28. Handling SnapshotEnvironmentBinding Errors
Date: 2023-08-31
# Status
Superceded by ADR 32. Decoupling Deployment
# Context
It is currently not possible to determine whether a SnapshotEnvironmentBinding (SEB) is stuck in an unrecoverable state. This is a major problem when deciding if an ephemeral SEB needs to be cleaned up by the integration service’s SnapshotEnvironmentBinding controller. An inability to clean up errored SEBs can overload the cluster.
# Decision
The integration service has a reconciler function that cleans up errored SnapshotEnvironmentBindings with an ErrorOccured condition.
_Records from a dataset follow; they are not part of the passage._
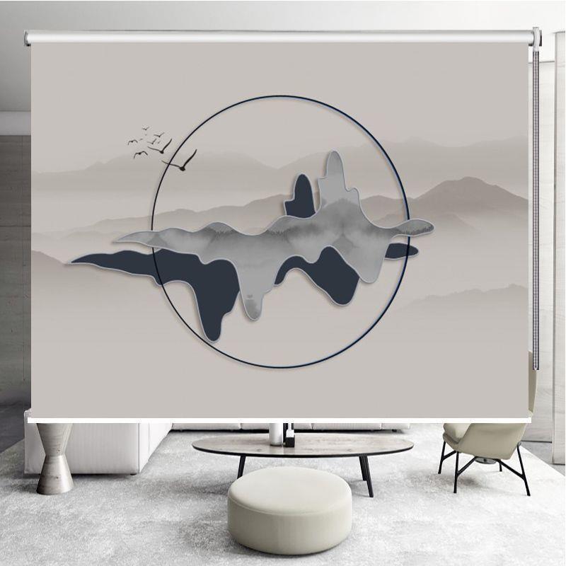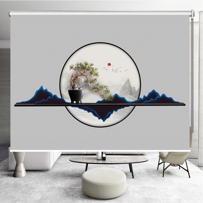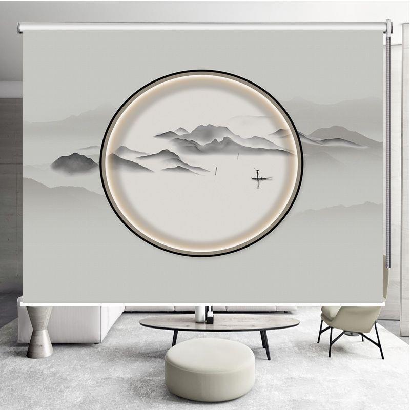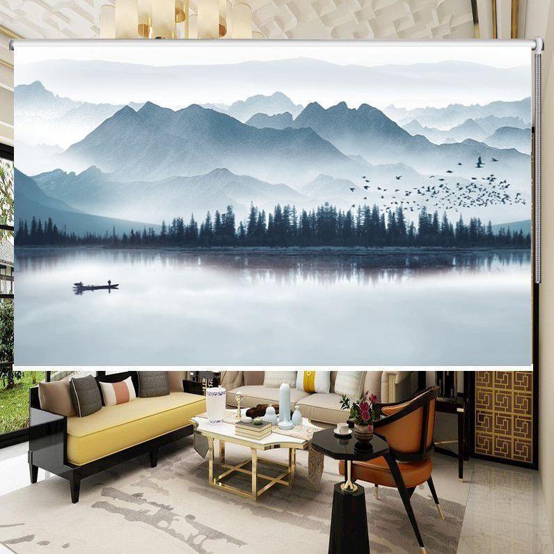 新中式山水画手拉帘升降遮阳光电动卷帘窗帘免打孔办公室书房
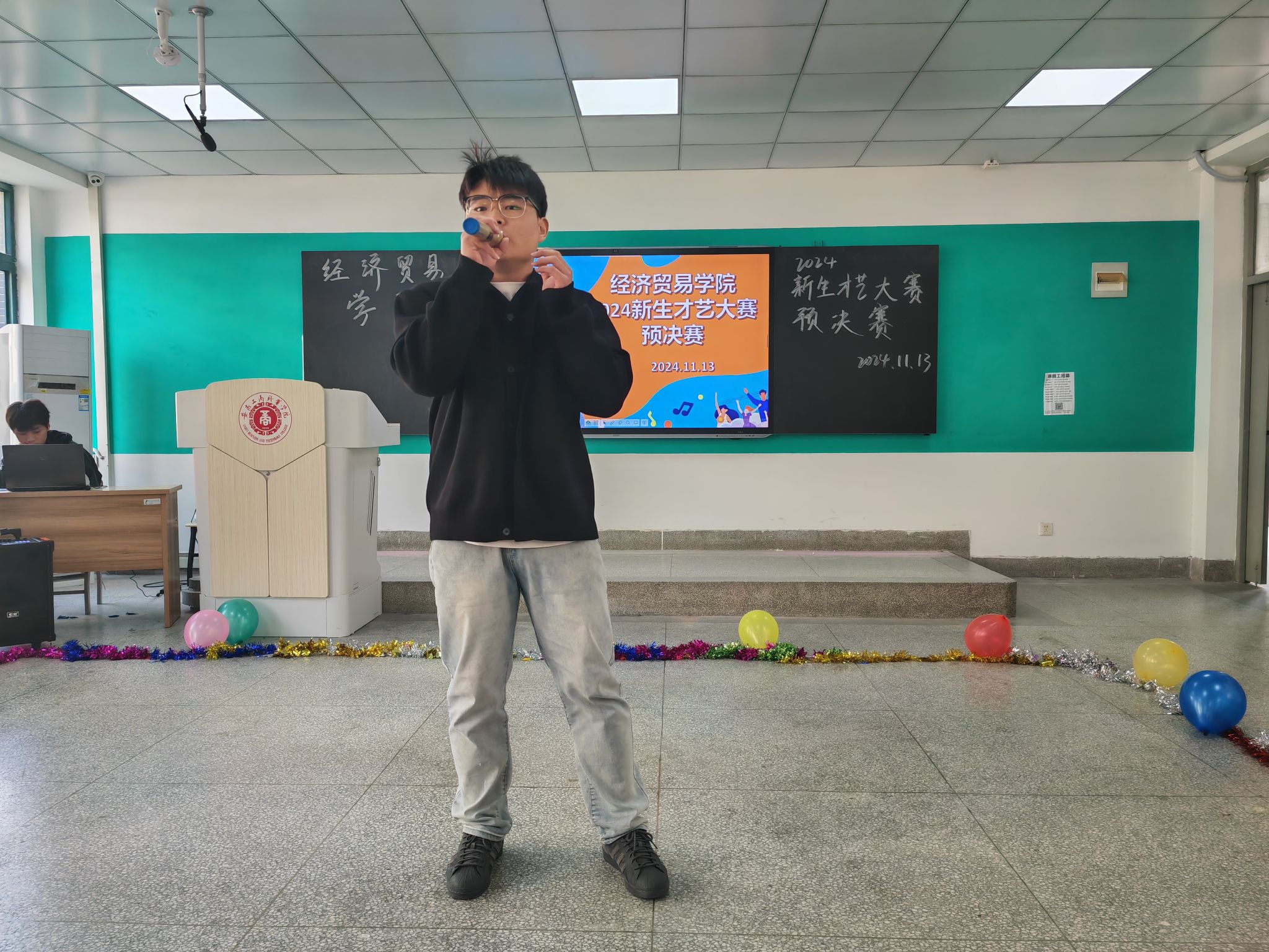 韶华不负启新程,青春作笔书华章;为丰富大学生校园文化生活,给新生提供一个展示自我、施展才华的舞台,促进彼此之间的交流与融合,11月14日经济贸易学院在B205教室举行“怦然‘新’动,‘才’华横溢”——新生才艺大赛,学院团总支书记邬金,辅导员朱清涟、支凤宁、刘雨梅和部分学生干部担任本次比赛评委,学院各专业学生观看了本次新生才艺大赛。
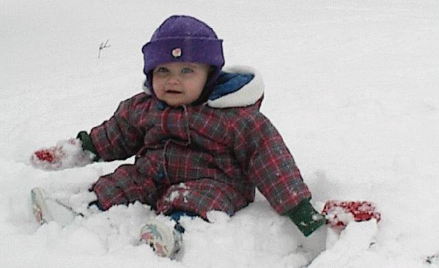 Josie enjoys her first time playing in the snow.
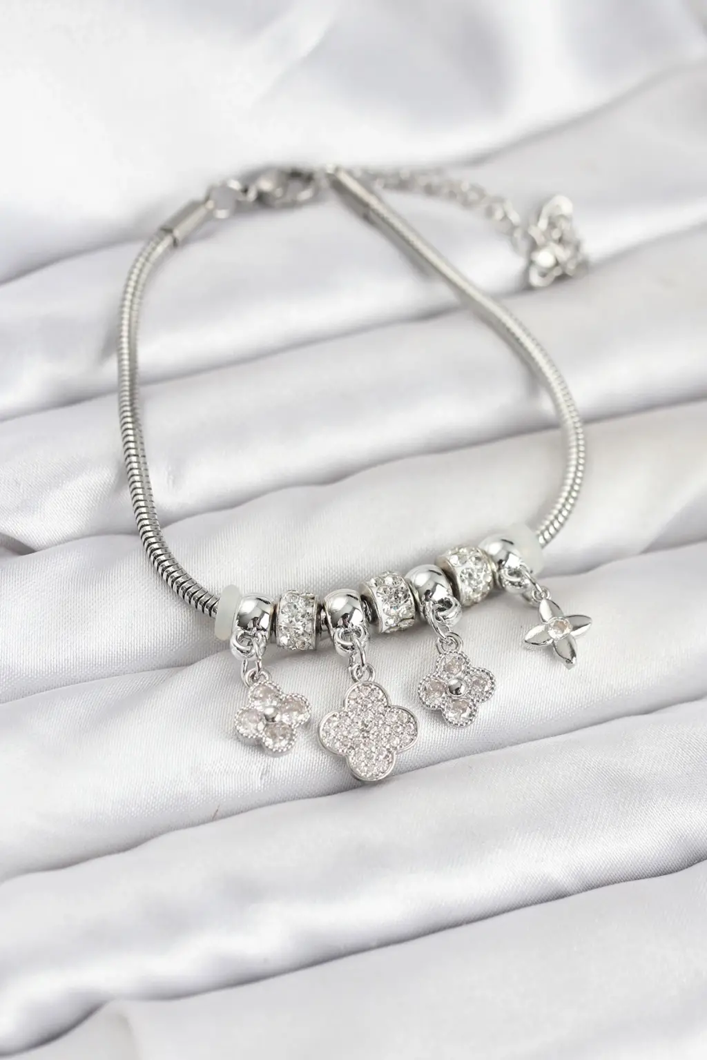 Çelik Gümüş Renk Yonca Model Kadın Bileklik Zarif detaylarla, göz alıcı tasarımlarla bezenmiş özel tasarım
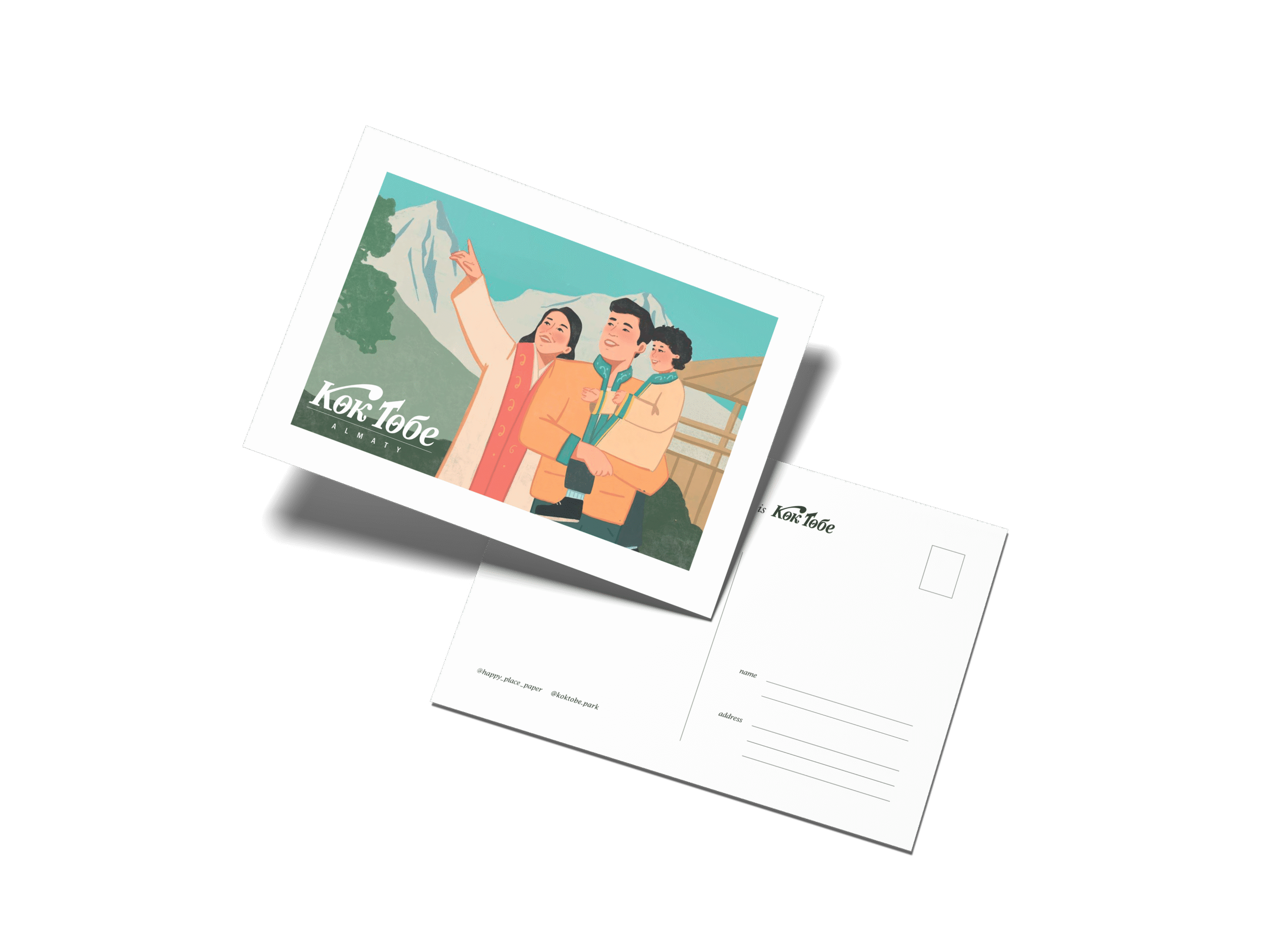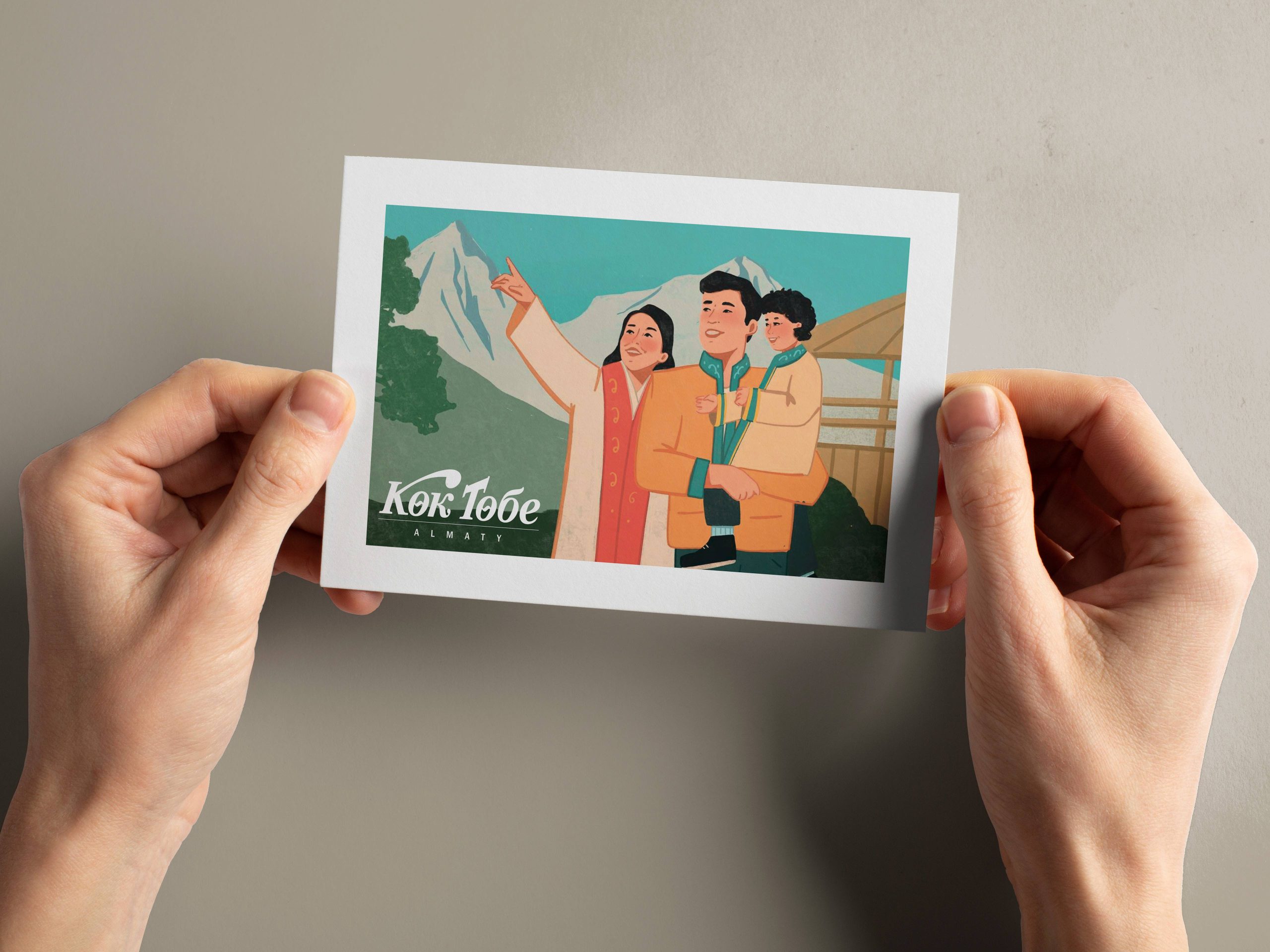 Серия открыток в коллаборации с Коктобе и Happy Place — это живые зарисовки особенного места. Здесь и знаковое колесо обозрения, ставшее символом этого уголка, и кабинка, медленно поднимающаяся в тишине под нежным закатным небом. Открытки передают уютные виды с местного ресторана и яркую карусель, наполняющую пространство детской радостью. Особое место занимает волшебный барс, бегущий над горами под полной луной, и тёплая семейная сцена — момент единения с природой и близкими на просторах Коктобе.
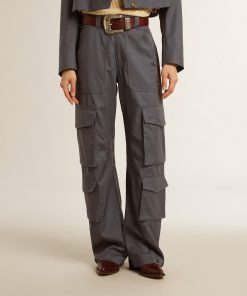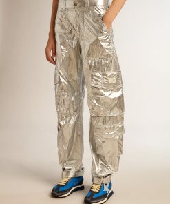 Golden Goose Pantalone Cargo Donna In Tessuto Tecnico Argentato | Argento | Donna Men’s
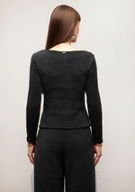 Blusa Iódice Ajustada Decote Transpassado Manga Longa Padrão Preto
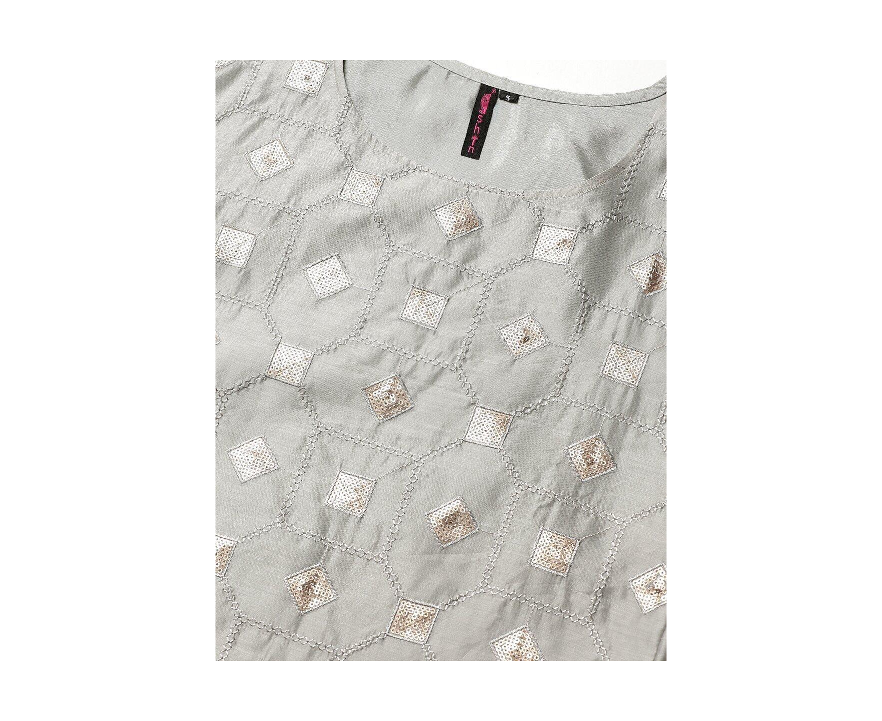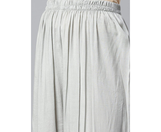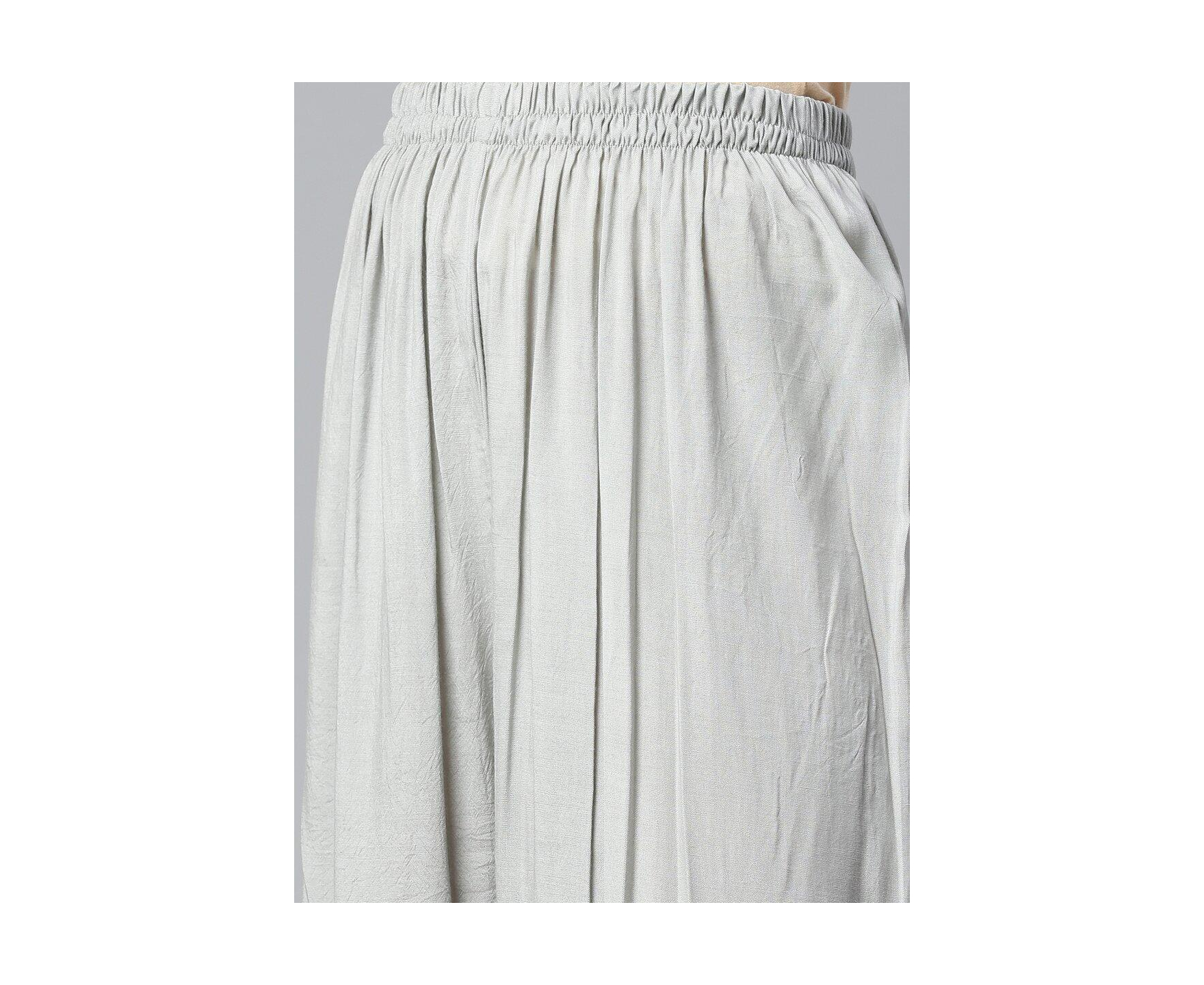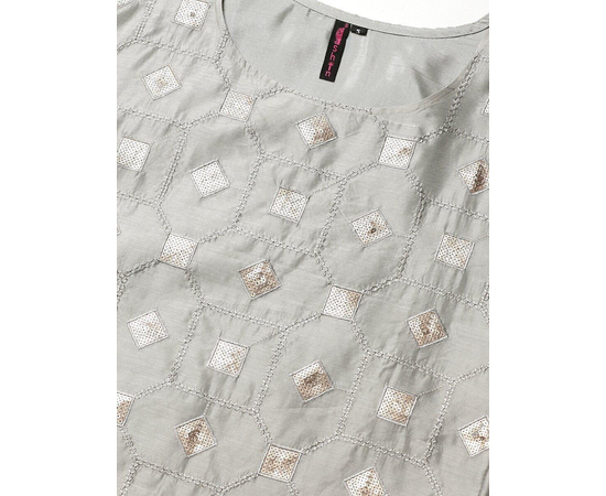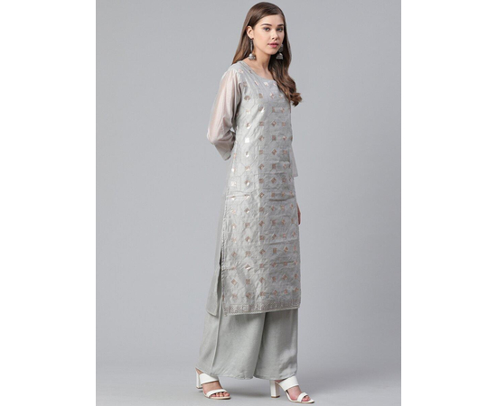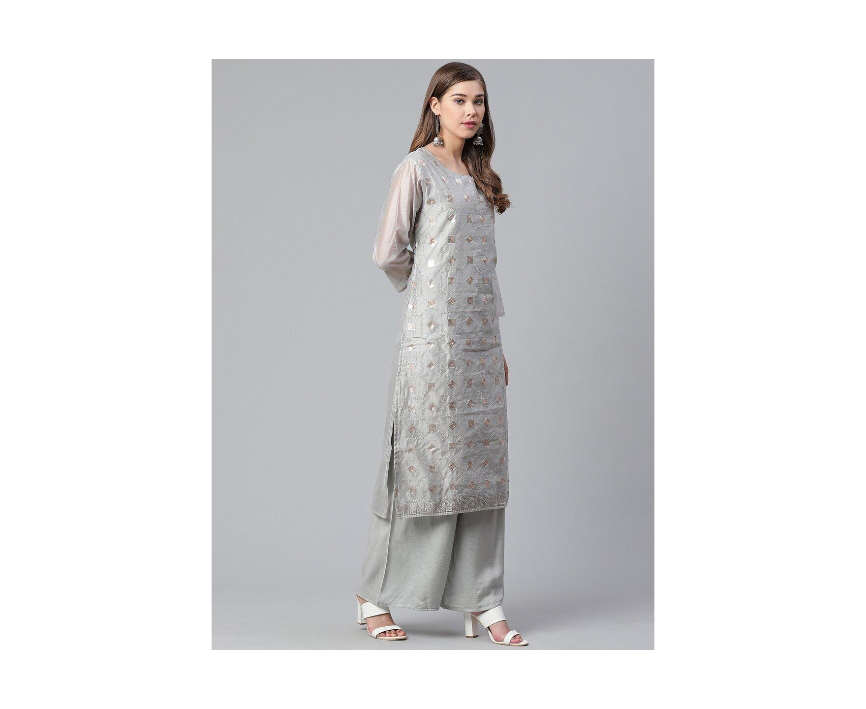 Product Detail : Grey seqquined Embroided A-line kurta Palazzo Duoatta set, has a round neck, Three-Quarter Sleeves, Straight hem, has side slit

This condition is set to ‘true’ by default and is set to ‘false’ when the environment becomes available. The integration service will consider that all SEBs with a ‘true’ ErrorOccured condition and a LastUpdateTime of more than five minutes ago are unrecoverable and can be cleaned up.
# Consequence
- SnapshotEnvironmentBindings will be cleaned up after five minutes if they are not ready. Environments that take a long time to provision may be cleaned up erroneously. To accomodate this, the timeout threshold can be adjusted via a pull request to the integration service.
# Footnotes
- This change has been implemented as a stopgap measure to avoid permanently stuck integration tests while a generic solution for detecting provisioning errors is designed. That work will be tracked in RHTAP-1530.